- [TASK PROMPT]
All of the data goes into your copy exactly as written. Images do not.

BEGIN SUPPLIED DATA

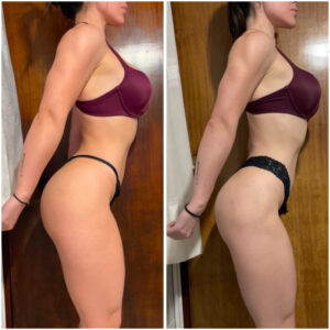 Nuestro objetivo principal era una mejora de la composición corporal, mejorando el tono muscular y reduciendo su porcentaje graso. Además de focalizar en la disminución de la celulitis en el tren inferior. Sandra ha hecho sus entrenamientos en casa y ha bajado 6kg en las 6 semanas.
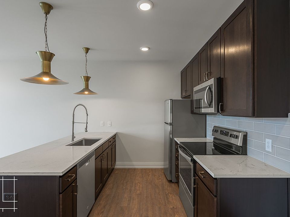 This top floor 1 bedroom/1 bath apartment is located in Italian Village. Our apartments start on the 2nd floor over a private residential garage. As you enter the apartment you will walk into your kitchen, you'll see we provided sleek granite counters, espresso cabinets, eye catching tile with stainless-steel appliances. Offering in-unit washer dryer and 9-foot ceilings that open up the room allowing natural light pour through the space with our oversized windows, all windows do come with roll down privacy shades as well. 4th Crossing has a roof top patio overlooking the downtown skyline. Our rooftop offers a grill space along with a fire pit, with ample seating perfect for those Ohio summer days.
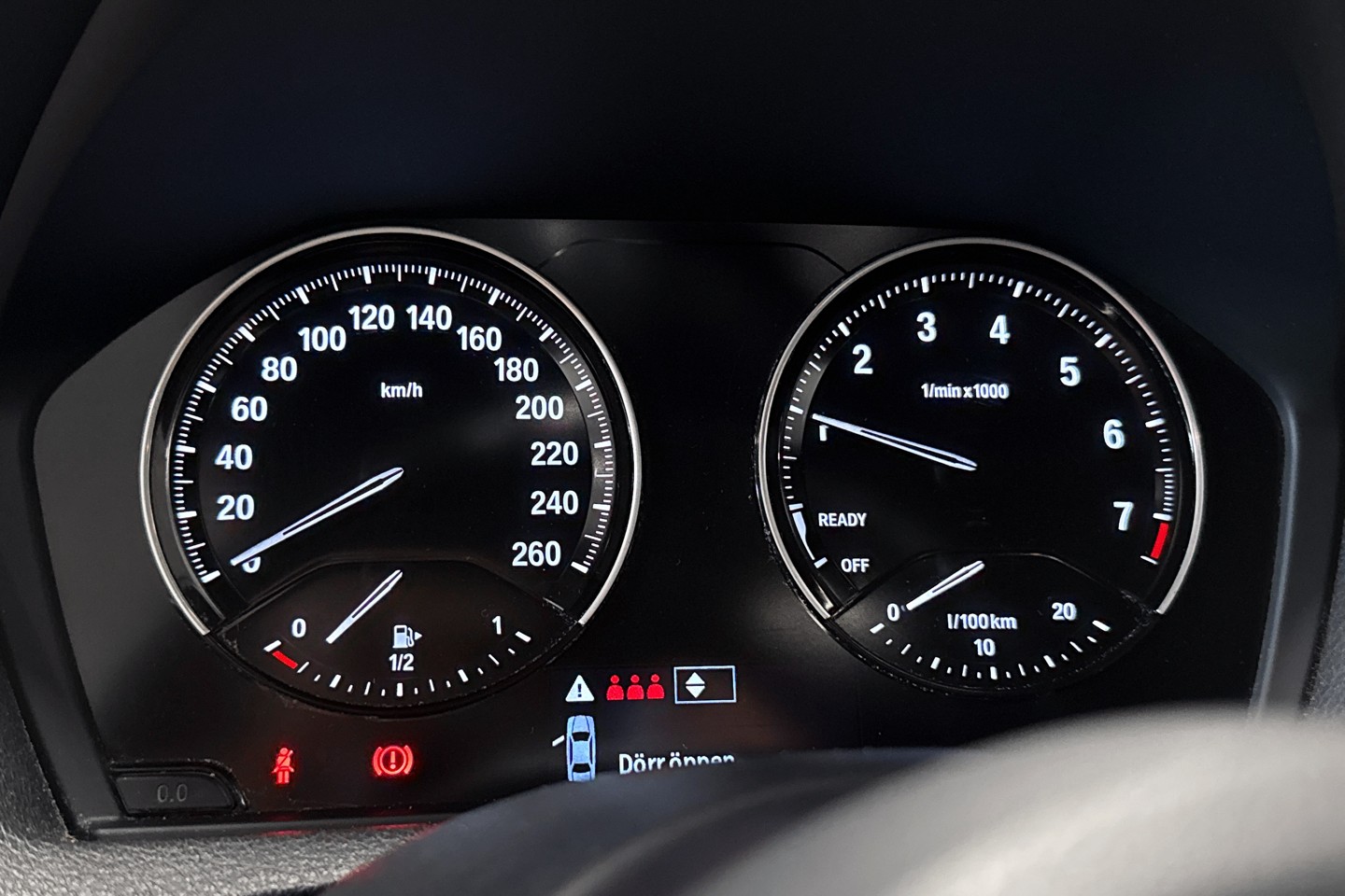 Just vår bil är den senaste faceliften av denna generation 1-serie vilket innebär att du får det uppdaterade halvdigitala mätarhuset och uppdaterat infotainment system om man jämför med en likadan från 2017 eller tidigare.
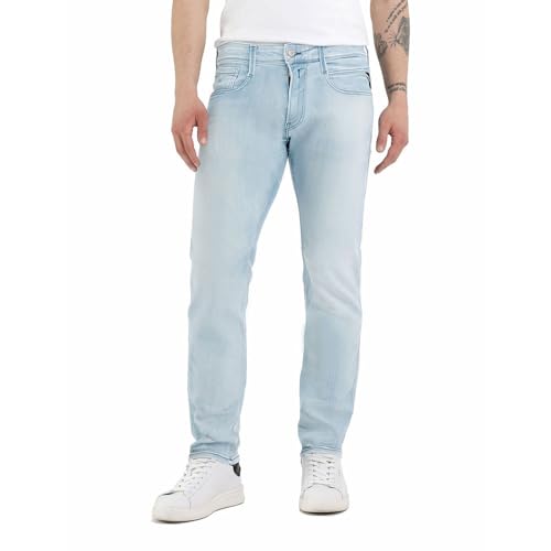 Replay Herren Jeans Anbass Slim-Fit Hyperflex White Shades mit Stretch, Blau (Light Blue 010), 28W / 34L

END SUPPLIED DATA

- [OUTPUT FOR THIS TASK]
 Nuestro objetivo principal era una mejora de la composición corporal, mejorando el tono muscular y reduciendo su porcentaje graso. Además de focalizar en la disminución de la celulitis en el tren inferior. Sandra ha hecho sus entrenamientos en casa y ha bajado 6kg en las 6 semanas.
 This top floor 1 bedroom/1 bath apartment is located in Italian Village. Our apartments start on the 2nd floor over a private residential garage. As you enter the apartment you will walk into your kitchen, you'll see we provided sleek granite counters, espresso cabinets, eye catching tile with stainless-steel appliances. Offering in-unit washer dryer and 9-foot ceilings that open up the room allowing natural light pour through the space with our oversized windows, all windows do come with roll down privacy shades as well. 4th Crossing has a roof top patio overlooking the downtown skyline. Our rooftop offers a grill space along with a fire pit, with ample seating perfect for those Ohio summer days.
 Just vår bil är den senaste faceliften av denna generation 1-serie vilket innebär att du får det uppdaterade halvdigitala mätarhuset och uppdaterat infotainment system om man jämför med en likadan från 2017 eller tidigare.
 Replay Herren Jeans Anbass Slim-Fit Hyperflex White Shades mit Stretch, Blau (Light Blue 010), 28W / 34L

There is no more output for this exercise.